A próxima fase da evolução sexual consiste nos processos miméticos, ou seja, através da imitação e a vivência de papéis do outro/com o outro que se dá sobretudo no terreno da fantasia, quando a criança imagina situações ou quando ela simboliza na ação, representando o real, como treinamento para ações futuras. A partir daí, o estágio seguinte é chamado por alguns psicanalistas de triangulação, ou seja, quando precocemente a criança se compara com a outra do mesmo sexo. Mais tarde ela compete com o adulto do mesmo sexo para ganhar o outro adulto; a menina “compete” com a mãe para “ganhar” o pai, o menino “compete” com o pai para “ganhar” a mãe. Esta competição consubstancia a tragédia de Édipo, descrita por Freud.
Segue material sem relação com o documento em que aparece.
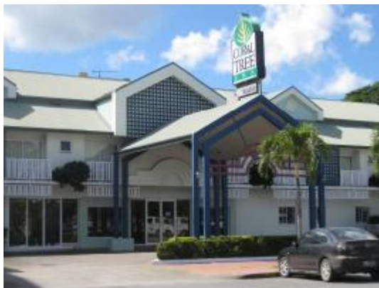
Coral Tree Inn

Reception is a large tiled level area with ample seating. The reception counter does not have a lowered section for wheel chairs but staff will assist guests if required.
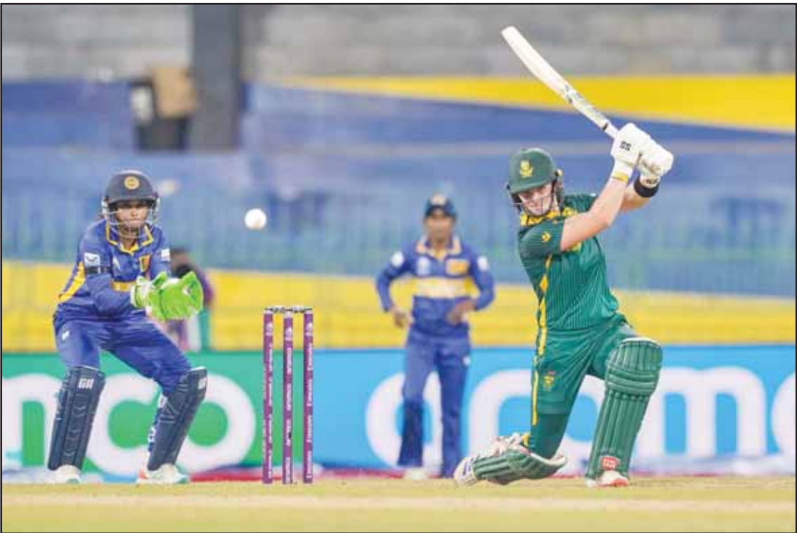
South Africa's captain Laura Wolvaardt hits a boundary during the ICC Women's Cricket World Cup match between South Africa and Sri Lanka at Premadasa Stadium in Colombo, Sri Lanka. (AP)

COLOMBO, Sri Lanka, Oct 18, (AP): South Africa moved closer to the Women's Cricket World Cup semifinals after cruising to a 10-wicket victory against Sri Lanka in a rain-affected game. Captain Laura Wolvaardt's brisk 60 off 47 balls and Tazmin Brits' unbeaten 55 off 42 hurtled South Africa to 125 without loss in 14.5 overs. They reached a revised target of 121 with 5.1 overs to spare and their fourth successive win. Sri Lanka opted to bat first and was 46-2 after 12 overs when rain stopped play for more than five hours. Play resumed just before the cutoff time and was reduced to 20 overs per side. Sri Lanka added 59 runs in eight overs to offer 105-7. "Very relieved we got a game in the end," Wolvaardt said. "It was frustrating sitting out for four or five hours but happy with the two points. We just treated it as a normal T20 game and wanted to get ahead of the game as soon as we could and not leave it late." South Africa rose to second in the eight-team standings, a point behind semifinal-qualified Australia. But Sri Lanka has yet to register a win; it has two points from two rain abandoned games against Australia and New Zealand. Of the eight matches in Colombo so far, three have been rained out, and Sri Lanka-Australia was almost the fourth. Before the rain, Sri Lanka's Vishmi Gunaratne was struck on the knee while taking a single and taken off on a stretcher. But the five-hour delay gave her time to recover, and she returned
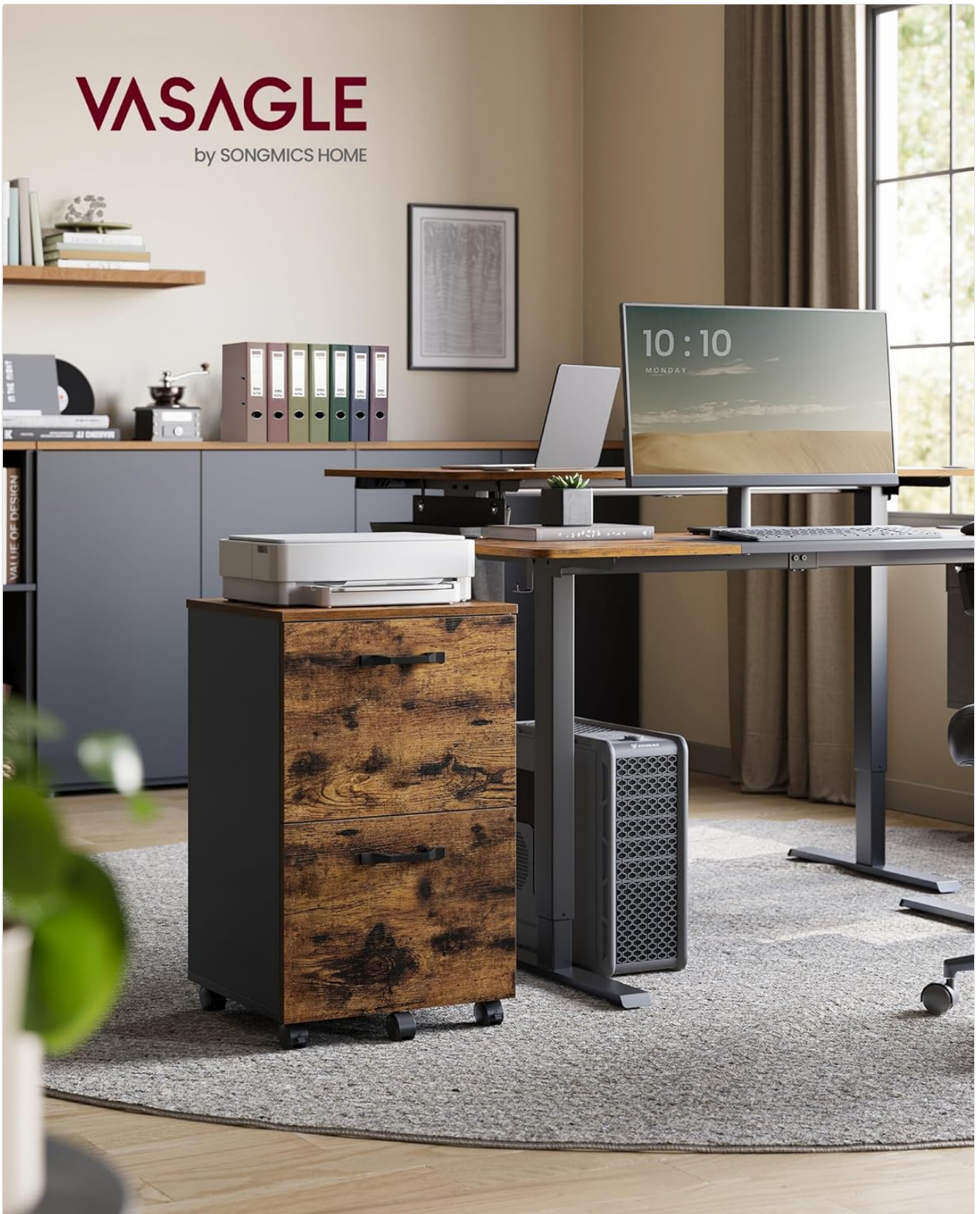
Image: The file cabinet integrated into an office workspace, demonstrating its compact size and aesthetic appeal alongside a desk and computer setup.
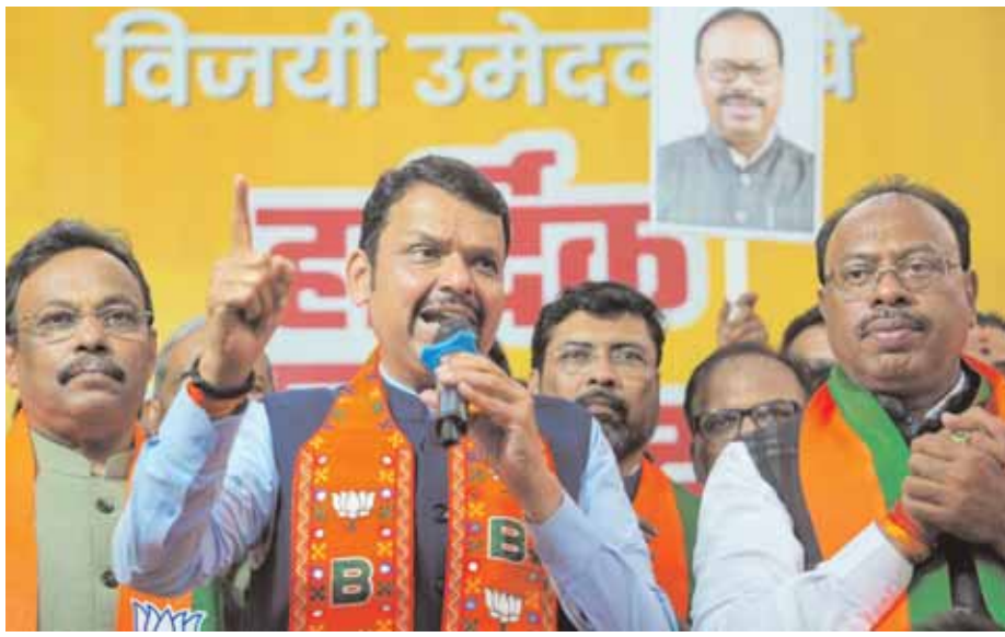
TN RAGHUNATHA ■ MUMBAI

Not many in Maharashtra political circles can forget his much-discussed statement Me-Punha-Yain-Me-Punha-Yain that he had made repeatedly in the run-up to the 2019 state Assembly polls to suggest that he would return as the chief minister of the state. It did not happen then. But, this time around, Devendra Fadnavis will in all likelihood return as the chief minister (CM) of Maharashtra.
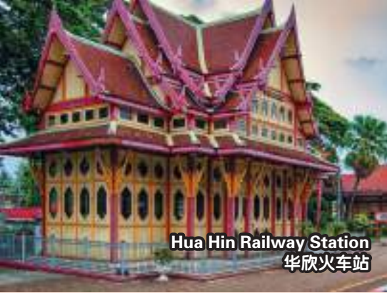
Hua Hin Railway Station 华欣火车站
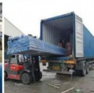
Loading for Wire Mesh Cage
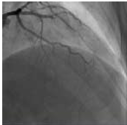
Figure 1 : Left coronary angiogram showing abrupt cutoff at inflow of the Cypher stent implanted 22 months ago. The patient at this time was on aspirin and this time subject to thrombus extraction and PCI

2003 in the USA, are the Sirolimus eluting Cypher (Cordis, J&J) and paclitaxel eluting Taxus (Boston Scientific) and much data available today pertains to these two stents . Several randomized studies have proven the efficacy of both these stents upto a follow up period of 4 to 5 years. A new problem that seems to have cropped up with the use of DES is stent thrombosis especially late and very late stent thrombosis (Figure 1). Stent thrombosis can be classified as acute, subacute, late and very late when
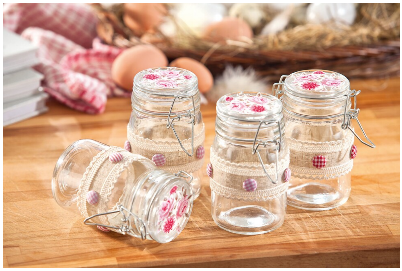
Here's how it works

These storage jars can be quickly and easily decorated to your personal taste. With a little Lace ribbon wrapping and small accessories such as buttons or Motif straw silk the simple glasses get their special charm.
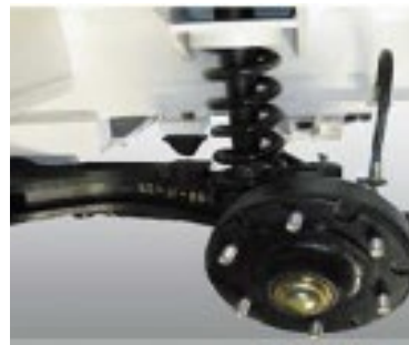
Smart independent front suspension
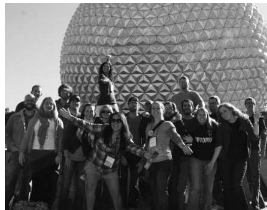
CYMT students at the Youth Worker Summit in December 2010 held in Orlando, Florida.

None of these things would have been possible without the support of investors like yourself. CYMT continues to see fruit from our labors. Many from our inaugural class are beginning their fifth year of ministry in their churches. Our alumni churches report continued growth in their ministries.
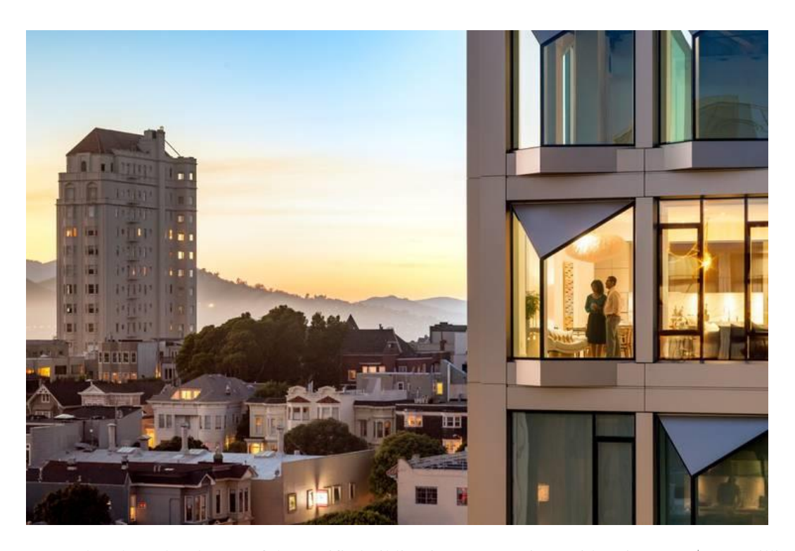
Trumark Urban, developers of the Pacific building in San Francisco with units up to $15.5 million, formed a broker advisory board of top-selling agents.
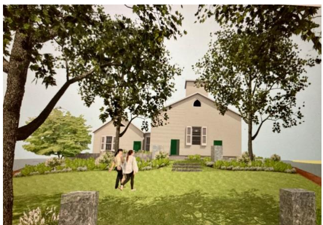
(A vision of the future, thanks to Pellettieri Associates)

You can help make all this possible with a generous contribution to MainStreet Warner, Inc. Thank you!
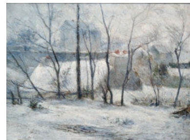
Garden Under Snow , 1879 Paul Gauguin (Post-Impressionism)
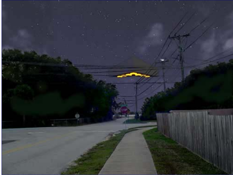
Large V-shaped craft stopped in flight, turned silently 180 degrees to face the teenagers in the car at Plumosa Street by the Indian River west of Cape Canaveral, Florida, around 12:30 AM Eastern, August 16, 1987. Computer illustration © 2009 by Paul Kirsch.

When we stopped our car, the huge V-shaped aircraft stopped, too, and then turned from the direction it was going – which was to the west – it turned back and was facing towards the east looking right at us.
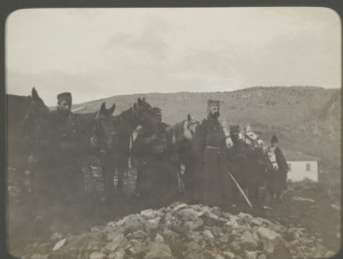
Serbian Cavalry at Metkovic
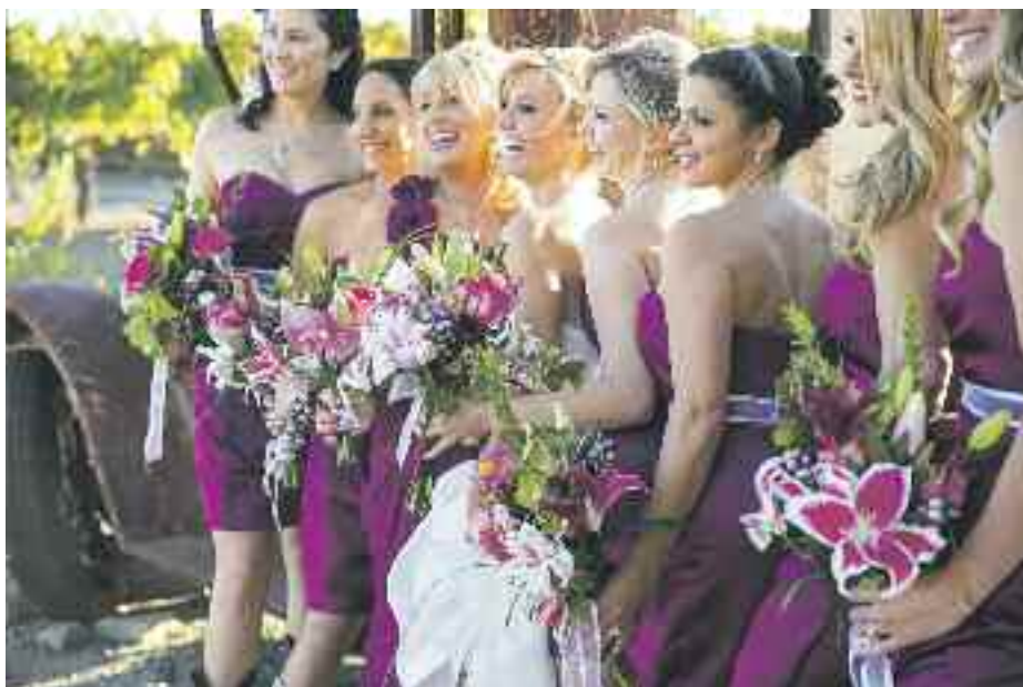
The bride and bridesmaids with the individualized bouquets they created at the Flower Power party. Flowers included stargazer lilies, liliun speciosum, purple sage, lavender, gardenias, roses, alstroemeria, narcissus, freesia, grape leaves, razor grass, flax, and a grape bunch ornament.
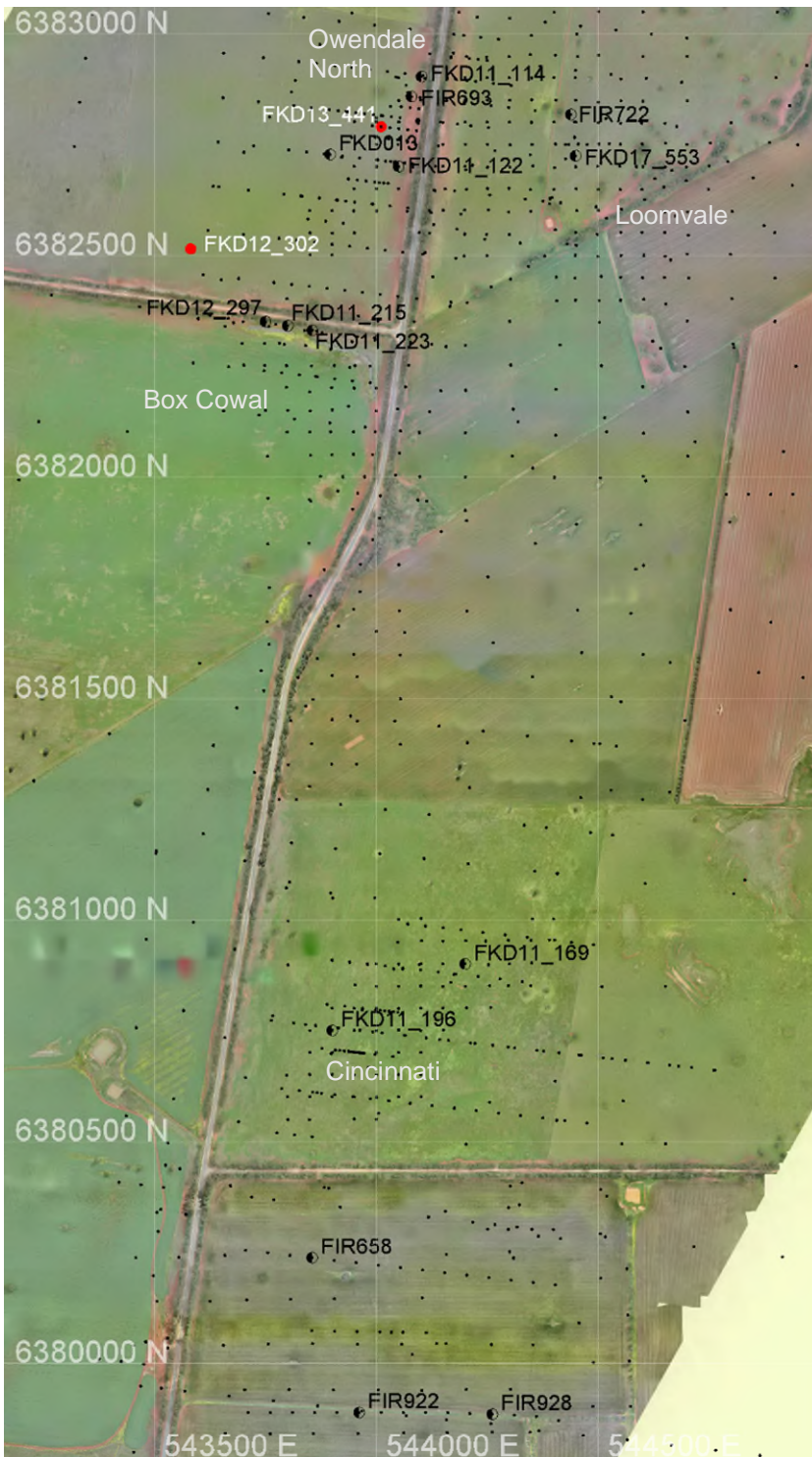
Figure 2 – Location of selected drill holes

The district also has interesting copper potential with a number of small deposits in the area. Historical PSP drilling has also highlighted a zone of supergene copper enrichment. There are several isolated high copper occurrences in bedrock, including:
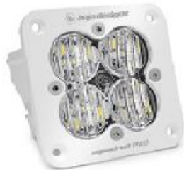
Squadron Pro, White, Flush Mount, LED Wide-Cornering
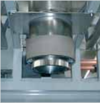
Inflatable collar deflated

Identification methods, such as barcodes and RFID ensure that the filled big bags are clearly identified and provide full documentation for subsequent processing.
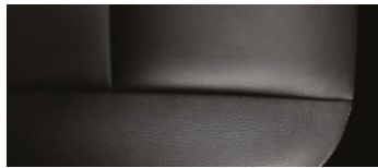
LTZ JET BLACK LEATHER APPOINTED
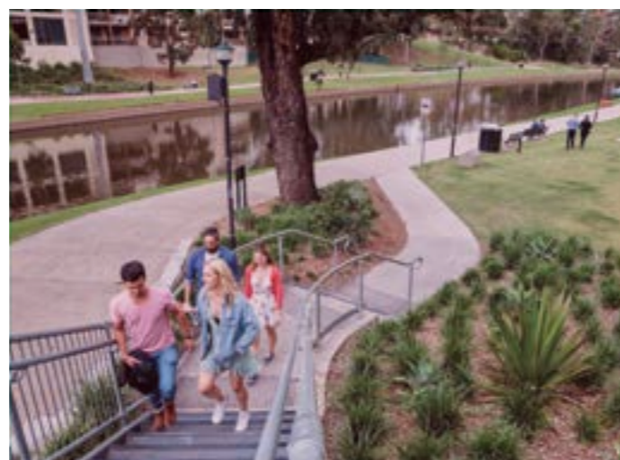
Friends enjoying a walk by Parramatta River in Western Sydney.
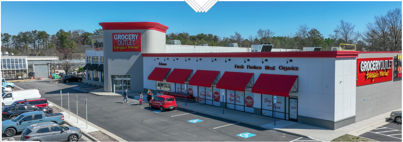
SOUTHDALE, GLEN BURNIE, MD
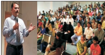
"Plan Career in Pharma Sales & Marketing"
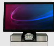
22" (format 16:9, landscape)
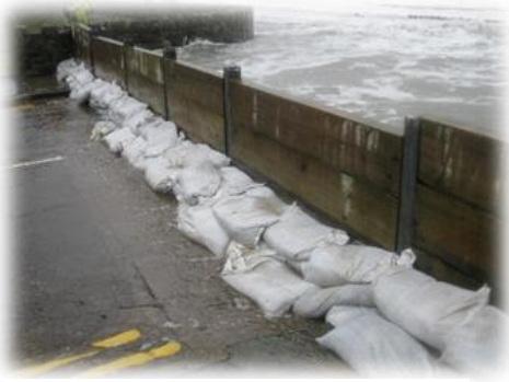
Figure 2: Temporary flood defence in action
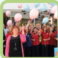
World Suicide Awareness Day
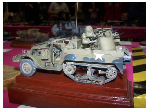
Right— 1/35 scale Polish M16 Quad .50 Gun Carriage in European "mouse ear" camouflage
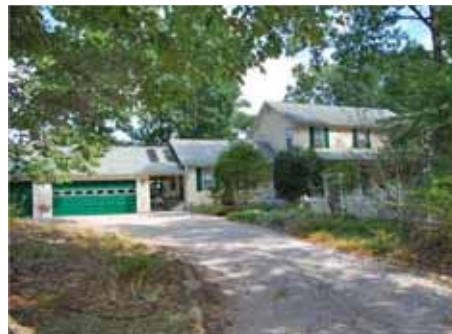
BLUFF - MLS 1397328 - 974 Old Sewanee Rd., Sewanee. $299,000
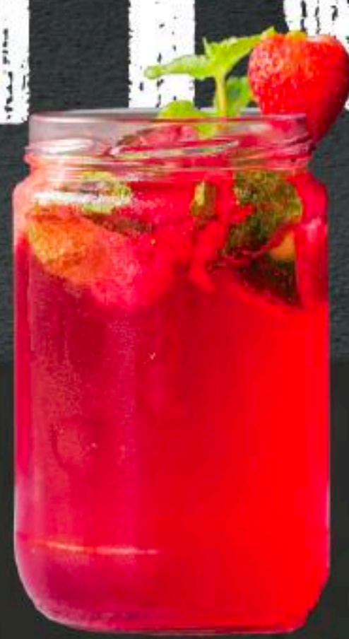
Strawberry Mojito 32 AED
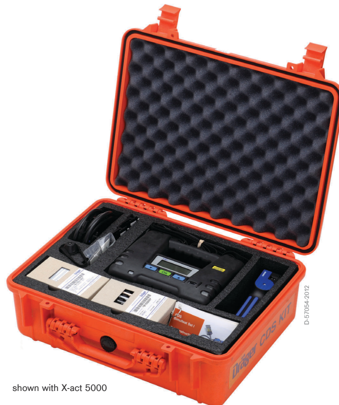
shown with X-act 5000

The Dräger CDS Kit uses specialized Dräger simultaneous tube sets to quickly and reliably detect the presence of nerve, blister, blood and choking agents.

Na adolescência, são os modelos que a sociedade, que a cultura apresentam que o jovem ou a jovem querem igualar ou ultrapassar. Do ponto de vista sexual a triangulação pode gerar uma situação curiosa quando o “eu” está na cama com seu “tu” e o “ele” imaginário está sempre rondando. Isso significa em linhas gerais, a estruturação de três atividades psíquicas: ter prazer, proporcionar prazer e vencer o imaginário competidor sexual.
Esse processo quando mal resolvido pode gerar a necessidade de auto-afirmação, conflitos, inseguranças com relação à vivência sexual e a maturidade psicossexual. Essa maturidade implica numa inversão equilibrada de papéis, ou seja, ser homem e ser mulher, dar e receber, ser ativo e passivo, masculino e feminino num movimento que reconhece a totalidade do ser e a busca pela plenitude do encontro do eu e do eu-tu.
Referenciais Bibliográficos:
BASTOS, Alice Beatriz. A construção da pessoa em Wallon e a construção do sujeito em Lacan. Petrópolis: Vozes, 2003.
BECKER, Daniel. O que é adolescência. São Paulo: Brasiliense, 1994.
FREUD, Sigmund. Sobre as teorias sexuais das crianças, 1908. Rio de Janeiro: Imago, 1980 (Edição Standard Brasileira das Obras Psicológicas Completas de Sigmund Freud), vol. IX.
_____________. Além do princípio do prazer, 1920. Rio de Janeiro: Imago, 1980 (Edição Standard Brasileira das Obras Psicológicas Completas de Sigmund Freud), vol. XVIII.
LOWEN, Alexandre. O corpo traído. São Paulo: Summus, 1979.